At the state level this has often been exacerbated by bi-partisan legislation. Many of the reforms that have failed to achieve or even approach their stated goals have been passed with support from the Democrats and Republicans holding one or both legislative houses or the governor’s office. This has a particularly chilling effect on politics-based health reform coverage. Reporting on the Oregon Health Plan, for example, focused almost exclusively on the attempt to ration services for Medicaid enrollees – would this plan harm the disabled or the poor, was it just? – while the basic question of whether the law, even taking rationing for granted, would succeed in reducing the uninsured in the state, went unasked. In Tennessee, similarly, the spectacle of almost one million Medicaid enrollees being moved into managed care plans occluded the basic question of whether the proposal to extend coverage to another half a million uninsured residents was economically viable, or if it would succeed in reducing the state’s uninsured over time – these latter goals being the entire point of moving Medicaid recipients into managed care plans in the first place.

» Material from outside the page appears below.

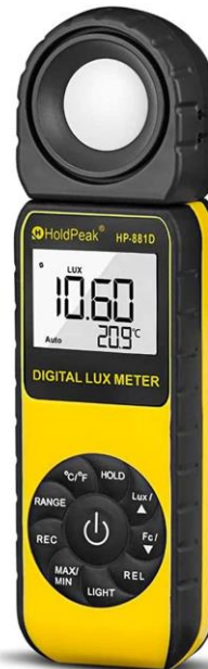
881D Light Meter

This shortcoming has also been exacerbated by the subject material. Increasing access to health care is what makes health reform morally compelling for most people, but financing and cost controls are what make efforts to expand access sustainable or unsustainable. These are topics not well-suited to personal interest stories, and they are often bewilderingly complex. In Massachusetts alone, residents have been promised universal health care or dramatic reductions in the uninsured at least four times in the last twenty years. A few years after each reform passes, the dry logic of costs and financing has left residents back where they started, and yet when the politics of health reform begin again we are provided with very little information in the public sphere to sort out the snake-oil from the genuine, sustainable reform proposals.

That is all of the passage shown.